To make sure we can train our models well, we often need data from our clients. These files can be very large, from 5GB to many terabytes. To safely and efficiently get these big files from our clients, we've set up a system where the files can be uploaded in smaller chunks. This helps us make sure the upload process goes smoothly.
1. Chunked Upload for Improved Reliability and Resumability
Rather than attempting to upload the entire file at once, which can lead to issues such as connection timeouts and data loss, we divide the file into smaller chunks. These chunks are typically around 5MB in size, which allows for a more stable and reliable upload process. Additionally, by breaking the file into smaller pieces, we are able to resume the upload if any issues arise during the process. This means that if the connection is lost or there is an error during the upload, the process can simply be resumed from where it left off rather than starting over from the beginning.
2. Secure Transfer Using Signed S3 URLs
To ensure that only authorized parties can access the uploaded files, we use signed S3 URLs to securely transfer the chunks to an S3 bucket. These URLs contain a unique signature that verifies the authenticity of the request and allows the chunk to be safely uploaded to the designated S3 bucket. This helps to protect the confidentiality and integrity of the uploaded files.

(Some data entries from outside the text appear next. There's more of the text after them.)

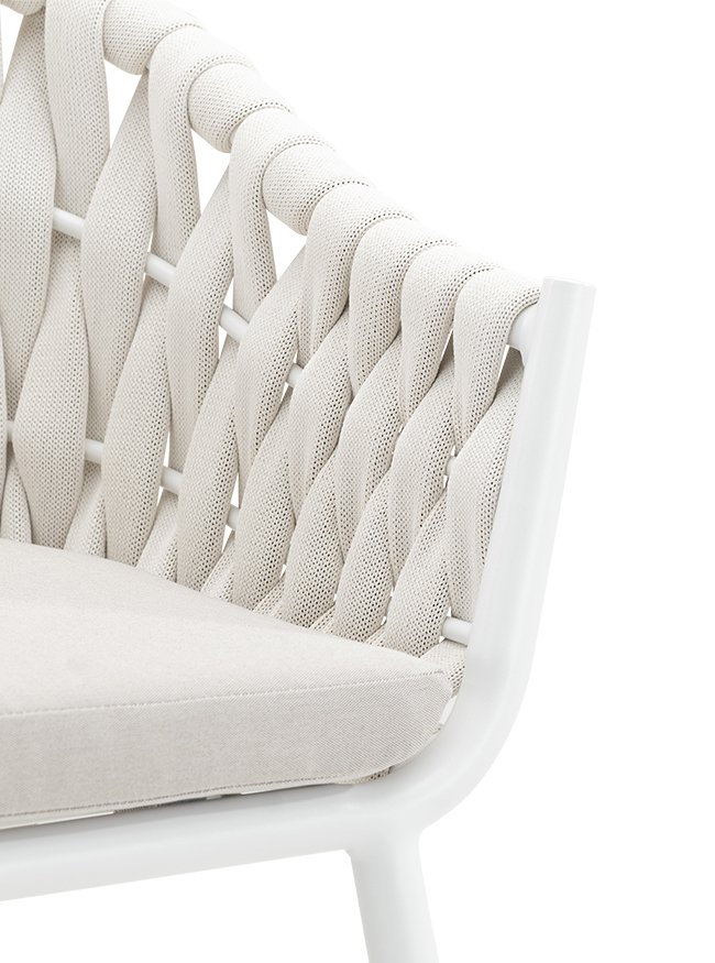 El taburete Vieste combina una estructura de aluminio robusta y ligera con un envuelto en textilene grueso, ofreciendo una solución duradera y de fácil mantenimiento para entornos de hostelería. Su cojín ergonómico aporta confort adicional, haciendo de cada asiento una experiencia agradable.
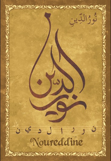 Jolie carte postale représentant le prénom arabe Noureddine calligraphié en arabe ainsi que son épellation lettre par lettre en arabe. Derrière la carte postale se trouve la signification du prénom.
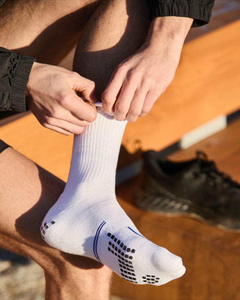 Made from a cotton-rich blend, these grip socks feature gentle compression to keep them securely in place. With breathable fabric, arch support, smooth toe seams, a cushioned footbed, and ergonomic grippers, they provide comfort and stability during any activity. Pack of 2.
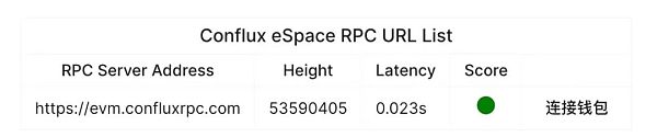 下图给出了 Conflux eSpace 区块链网络对外公开的 RPC 节点信息,通过钱包连接RPC节点,在用户发起转账和智能合约交互时,由RPC代理将交易打包发送至区块链网络,最终使交易以区块形式进上链。
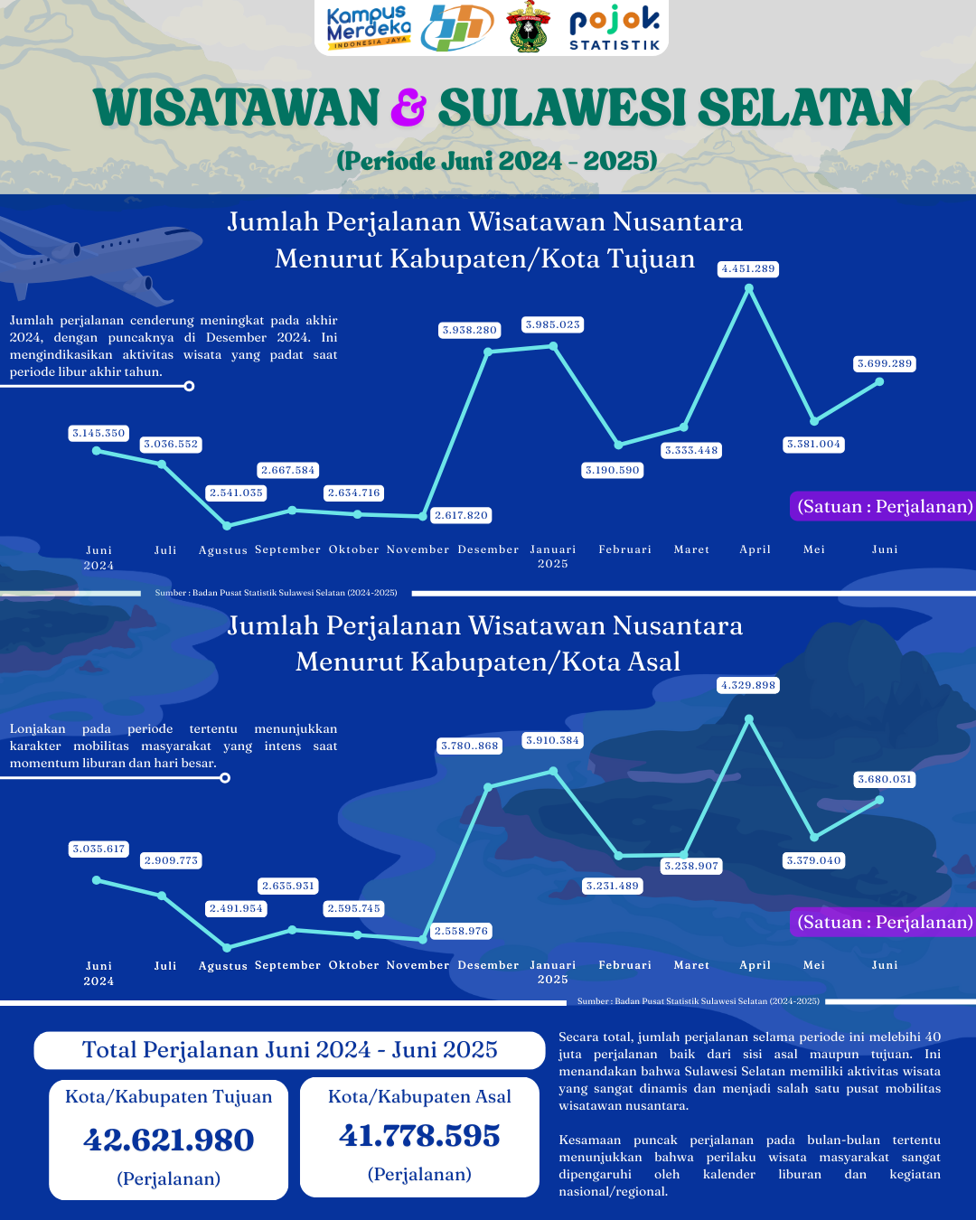 Infografis ini menyajikan perkembangan jumlah perjalanan wisatawan nusantara di Sulawesi Selatan selama periode Juni 2024 – Juni 2025, baik berdasarkan kabupaten/kota tujuan maupun kabupaten/kota asal....
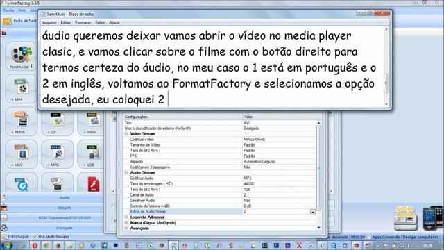 Como mudar o áudio de um vídeo dual áudio Olá vou mostrar como mudar o áudio de Português para Inglês ou Vice e Versa. As vezes baixamos um filme que tem os dois áudios e ainda por cima a legenda, eu gosto de assistir filme legendado em Português com áudio em inglês. Vamos usar o FormatFactory para fazer essa conversão, abra o programa, escolha o formato da conversão que você deseja eu vou escolher AVI, clique em Adicionar Arquivo, selecione o arquivo e clique em Abrir, vamos clicar em configurações de saída, índice de Áudio Stream ele vai estar no formato padrão, para saber qual áudio queremos deixar vamos abrir o vídeo que vamos converter com player Media Player Classic, vá na pasta que salvou o filme clique com o botão direito do mouse sobre ele e escolha a opção abrir com e escolha o Media Player Classic, vá em file, Quick Open File, localize seu filme, clique em abrir, assim que ele abrir clique sobre o filme rodando e selecione áudio, nele vai aparecer o áudio em Português 1 e em Inglês 2 ou vice e versa, isso nos dá a certeza do áudio que queremos, feito isso voltamos ao FormatFactory e vamos selecionar a opção deseja, no meu caso o Português 1 e o Inglês 2, eu coloquei 2 por que quero o áudio em inglês e a legenda em português, clique em ok, ok, não e iniciar. Agora vamos aguardar terminar a conversão vou pausar e volto para mostrar o resultado. Conversão concluída com sucesso. Vamos abrir o arquivo convertido. O primeiro vídeo com a legenda amarela foi o que eu converti está do jeito que eu coloquei áudio em inglês e legenda em português, o segundo com a legenda branca é o original com áudio português e inglês. DOWNLOAD FormatFactory - https://filehippo.com/ #formatfactory
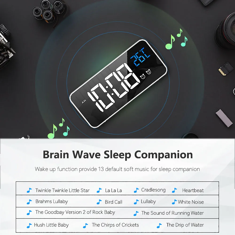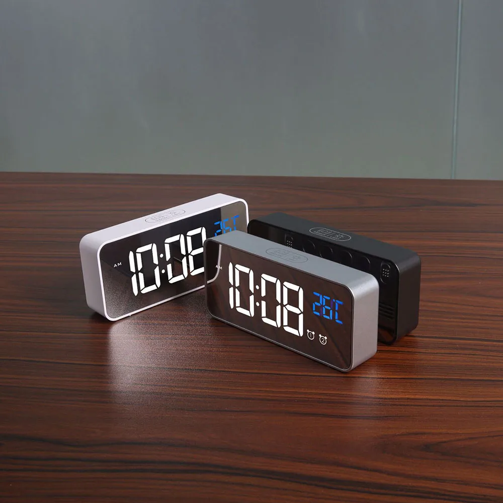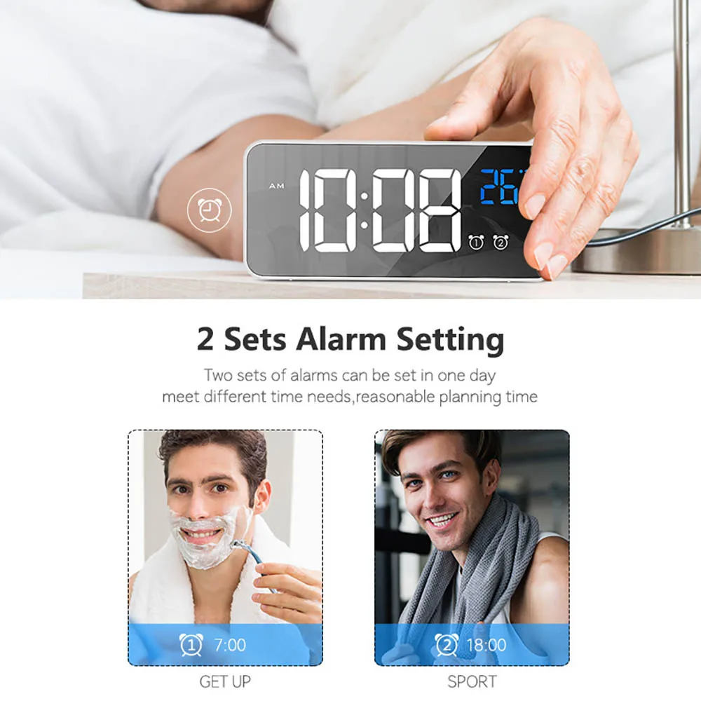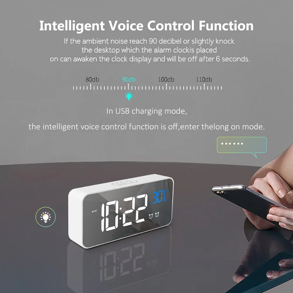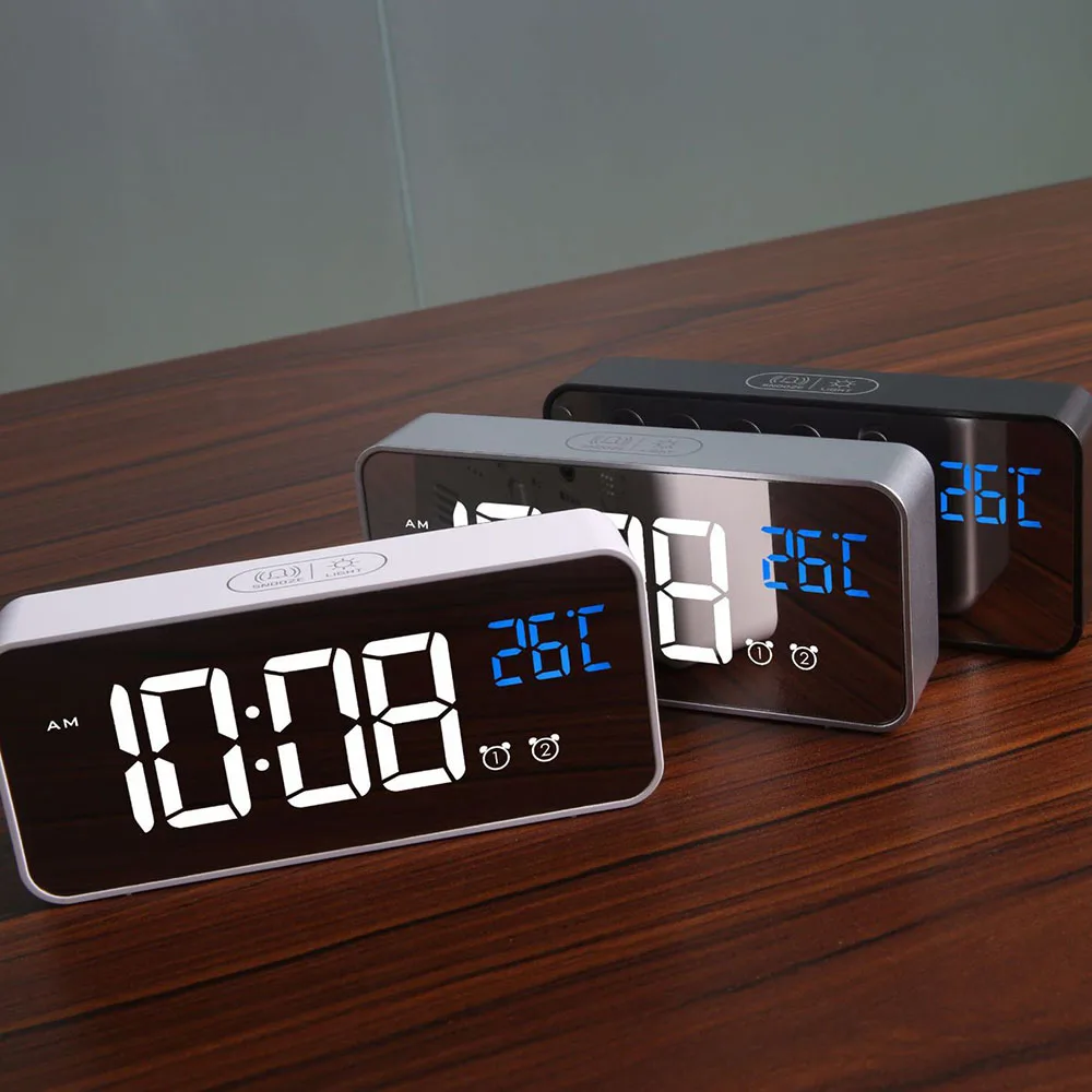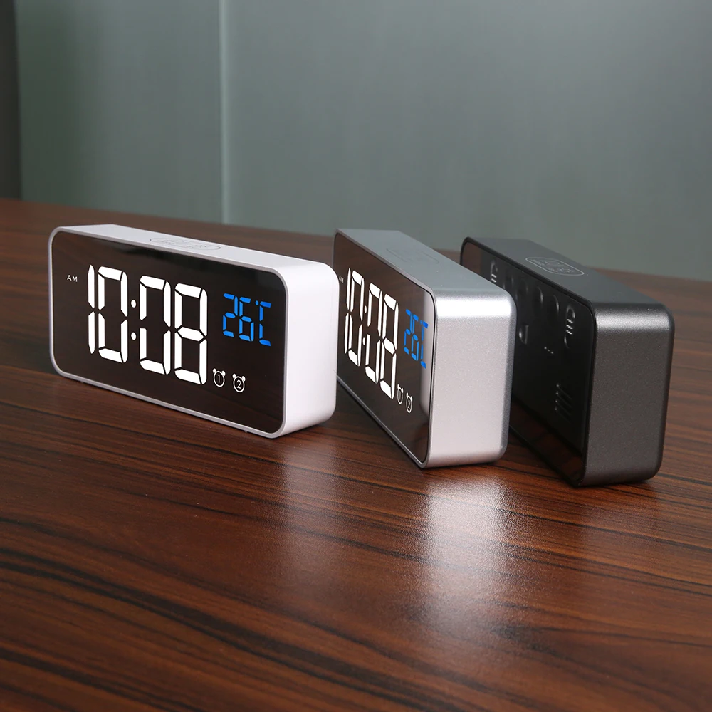 Двойные сигналы с функцией повтора светодиодный зеркальный будильник часы звуковой активации часы перезаряжаемые прикроватные музыкальные часы
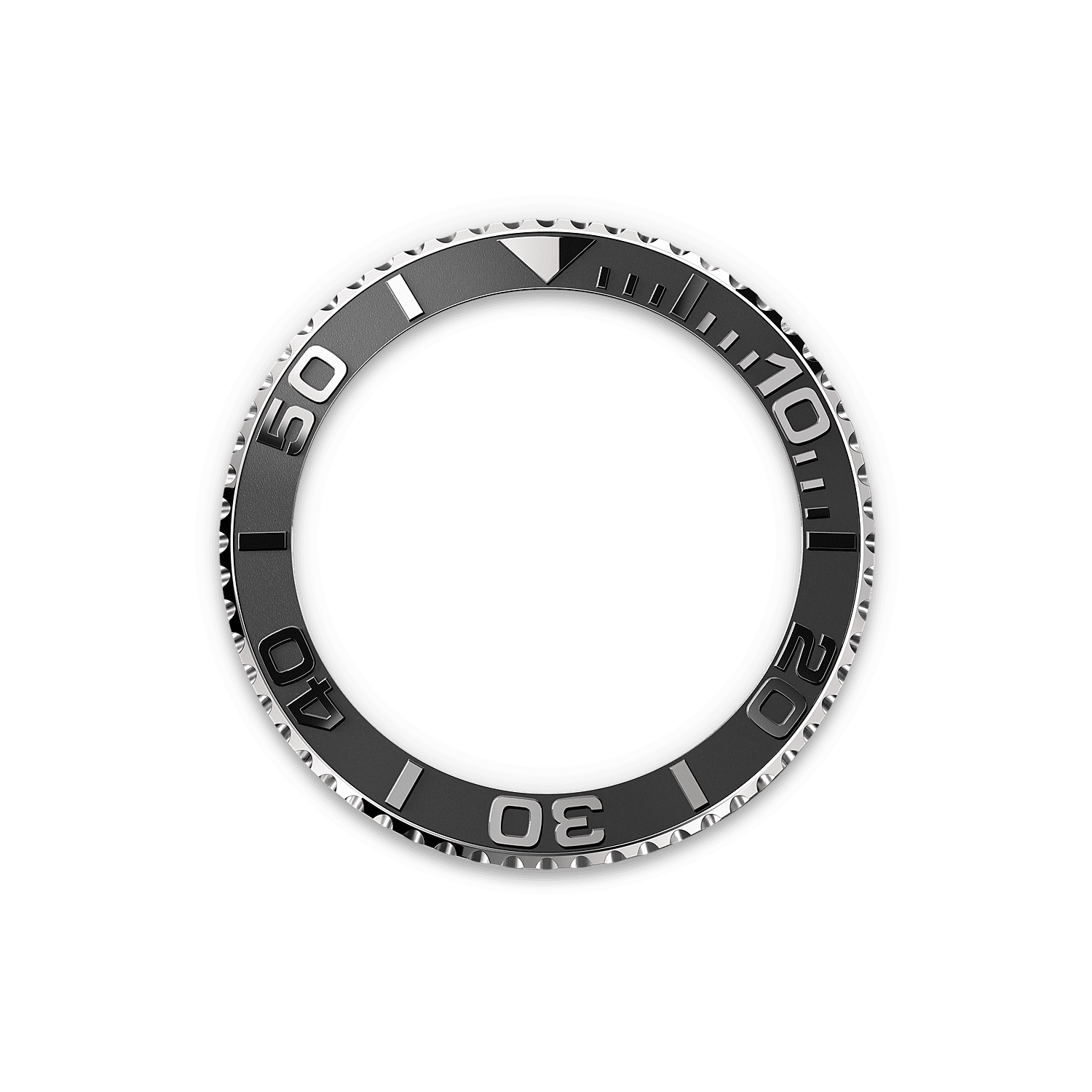 صُنع إطار ساعة يخت ماستر الدوّار باتجاهين والمُدرّج بـ ٦٠ دقيقة بالكامل من معدن ثمين أو جُهّز بترصيعة سيراكروم من السيراميك ذي التكنولوجيا العالية. تَبرز الأرقام والتدرجات النافرة والمصقولة بوضوح على خلفيةٍ مضروبةٍ بالرمل وغير لامعة.

3. Error Recovery System to Minimize Data Loss
Despite the measures we have in place to ensure a smooth and reliable upload process, issues can still arise. To minimize the potential for data loss in these situations, we have implemented an error recovery system that runs a cleanup to recover any lost chunks at the end of an upload session. This helps to make the process error-proof and ensures that all the uploaded data is preserved.
4. User-Friendly Experience with Automatic Resuming and Local Storage
We understand that large file uploads can be time-consuming, potentially taking a full night or more to complete. To make the process seamless for our users, we have implemented several features to improve the experience. For example, rather than requiring the user to manually resume the upload process if there are any interruptions, the upload is automatically continued. Additionally, to ensure that the process can be resumed even after a refresh, browser restart, or computer restart, we store the file in a local database on the user's computer. This allows the upload to be resumed from where it left off even if the user's device is restarted or the browser is closed.
In summary, our large file upload system is designed to provide a secure and reliable experience for our users, while also ensuring the efficient and accurate handling of large files. By implementing a chunked upload system, secure transfer using signed S3 URLs, and an error recovery system, we are able to minimize the potential for issues and ensure a smooth and successful upload process.